Computational Architectures for Responsive Vision: the Vision Engine

ID
TR-91-25
Authors
James J. Little, Rod Barman, Stewart Kingdon and Jiping Lu
Publishing date
November 1991
Length
10 pages
Abstract

To respond actively to a dynamic environment, a vision system must process perceptual data in real time, and in multiple modalities. The structure of the computational load varies across the levels of vision, requiring multiple architectures. We describe the Vision Engine, a system with a pipelined early vision architecture, Datacube image processors, connected to a MIMD intermediate vision system, a set of Transputers. The system uses a controllable eye/head for tasks involving motion, stereo and tracking.

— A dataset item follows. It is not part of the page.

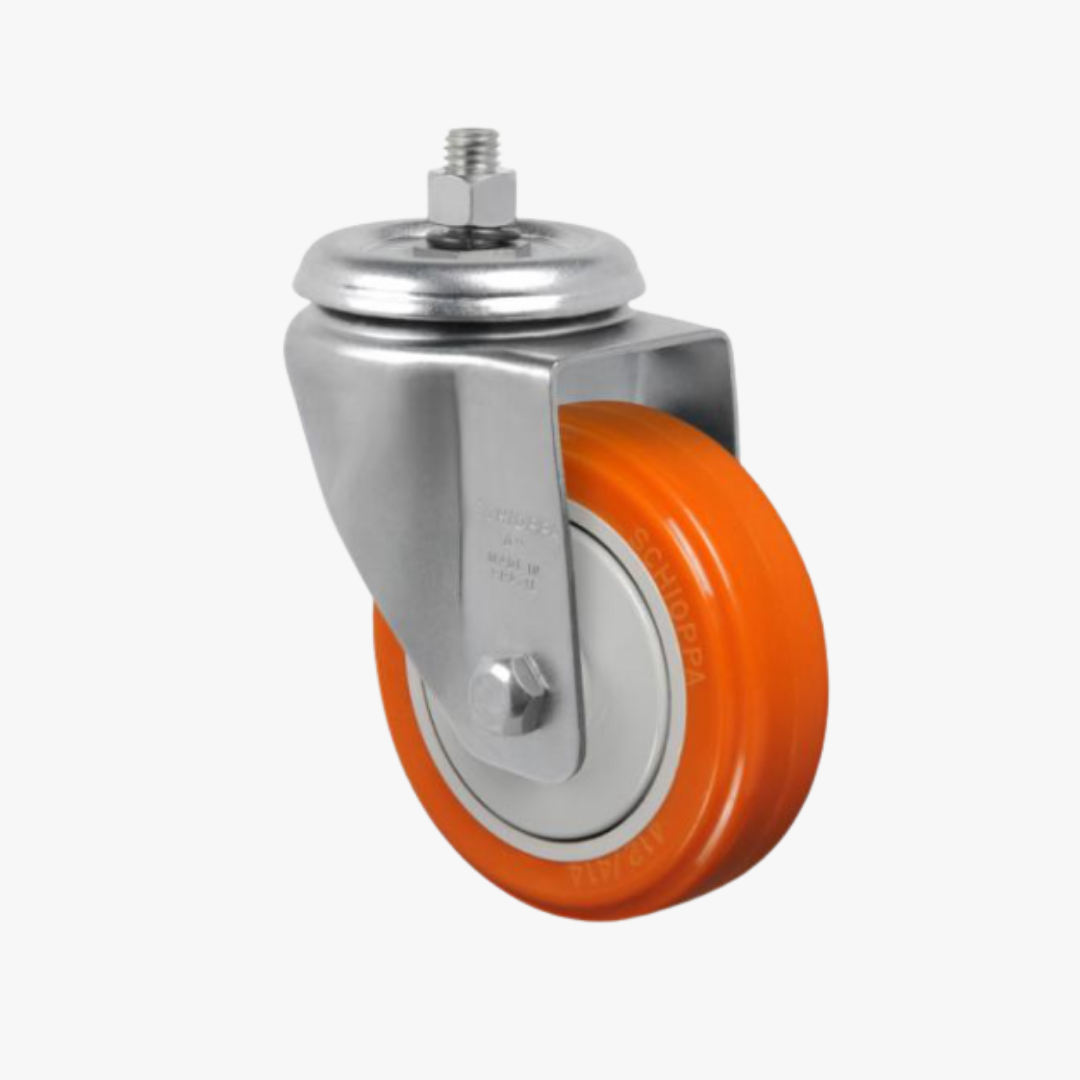 Roda UP: Poliuretano Termoplástico. Dureza: 90 Shore A. (-20ºC a +70ºC). Produzidas com revestimento em poliuretano termoplástico elastollan e núcleo em polipropileno copolímero recicláveis. Ideais para quem procura excelente capacidade de carga alinhada a uma ótima proteção do piso com baixo ruído no deslocamento, proporcionam excelente resistência a abrasão e impactos. Resistentes a graxas, óleos minerais e alguns ácidos. A velocidade de trabalho indicada é até 4 km/h.

A simple pipeline model describes image transformation through multiple functional stages in early vision. Later processing (e.g., segmentation, edge linking, perceptual organization) cannot easily proceed on a pipeline architecture. A MIMD architecture is more appropriate for the irregular data and functional parallelism of later visual processing.

The Vision Engine is designed for general vision tasks. Early vision processing, both optical flow and stereo, is implemented in near real-time using the Datacube, producing dense vector fields with confidence measures, transferred at near video rates to Transputer subsystem. We describe a simple implementation combining, in the Transputer system, stereo and motion information from the Datacube.